=== THE PROBLEM ===
Beginning with the line below that contains "思想解讀類(lèi)融媒體片" and ending with the line that contains "Eurmax USA Hiking", retype every line exactly. Pictures are not copied.

=== THE DATA ===
=== Begin Enclosure ===
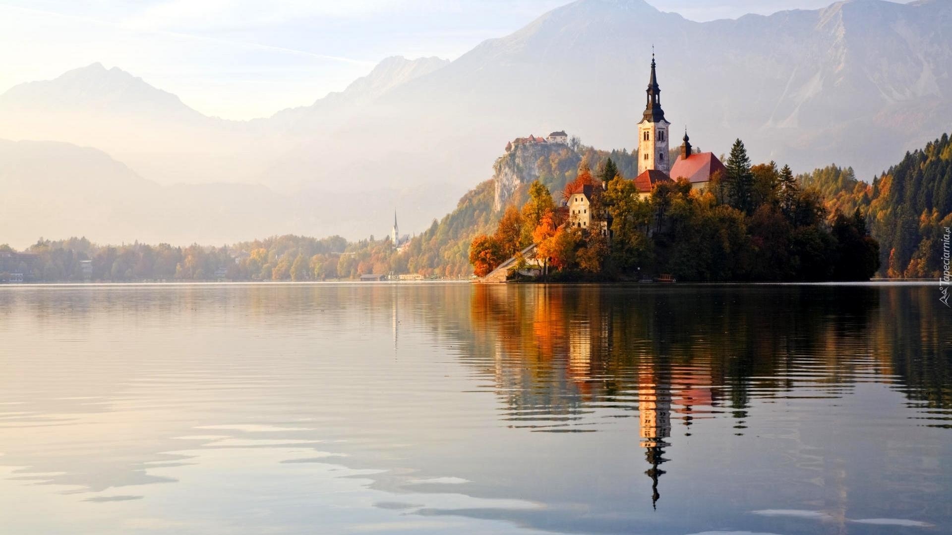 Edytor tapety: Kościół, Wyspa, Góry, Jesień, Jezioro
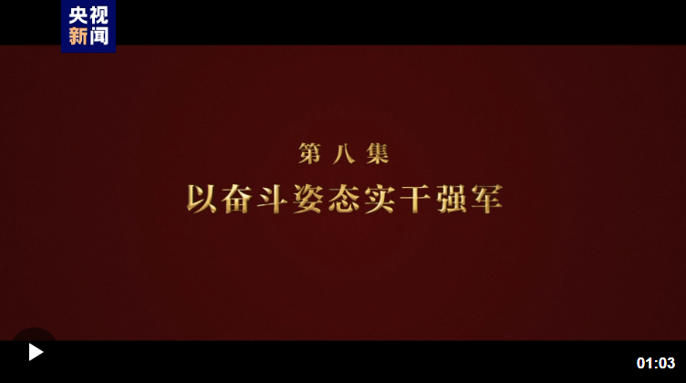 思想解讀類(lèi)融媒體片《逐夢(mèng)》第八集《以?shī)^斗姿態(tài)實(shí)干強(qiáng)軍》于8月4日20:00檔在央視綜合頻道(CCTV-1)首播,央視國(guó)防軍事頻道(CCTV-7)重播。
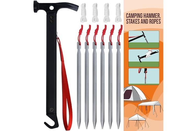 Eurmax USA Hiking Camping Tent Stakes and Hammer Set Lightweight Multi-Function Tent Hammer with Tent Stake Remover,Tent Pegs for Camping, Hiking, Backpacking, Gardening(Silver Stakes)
=== End Enclosure ===
=== Begin Enclosure ===
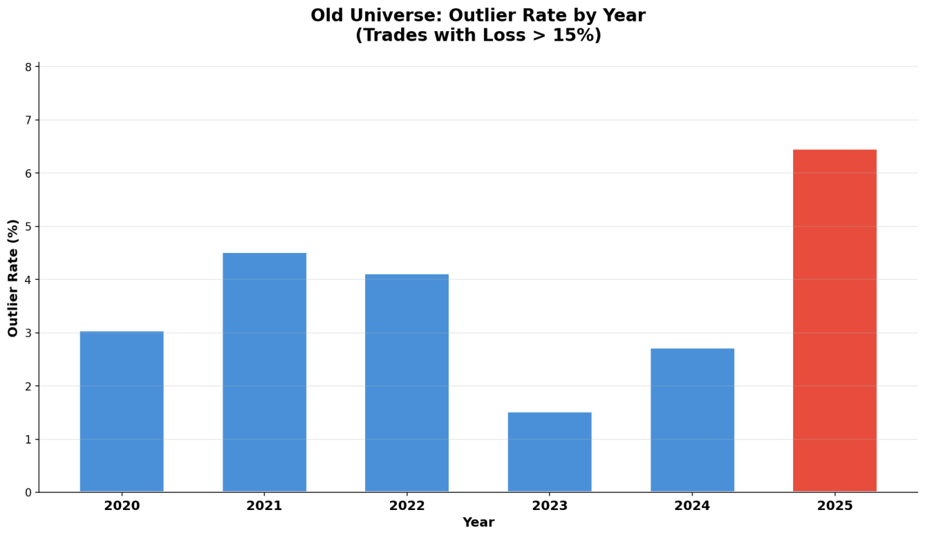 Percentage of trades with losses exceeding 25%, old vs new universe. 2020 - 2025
=== End Enclosure ===
=== SOLVED EXERCISE ===
 思想解讀類(lèi)融媒體片《逐夢(mèng)》第八集《以?shī)^斗姿態(tài)實(shí)干強(qiáng)軍》于8月4日20:00檔在央視綜合頻道(CCTV-1)首播,央視國(guó)防軍事頻道(CCTV-7)重播。
 Eurmax USA Hiking Camping Tent Stakes and Hammer Set Lightweight Multi-Function Tent Hammer with Tent Stake Remover,Tent Pegs for Camping, Hiking, Backpacking, Gardening(Silver Stakes)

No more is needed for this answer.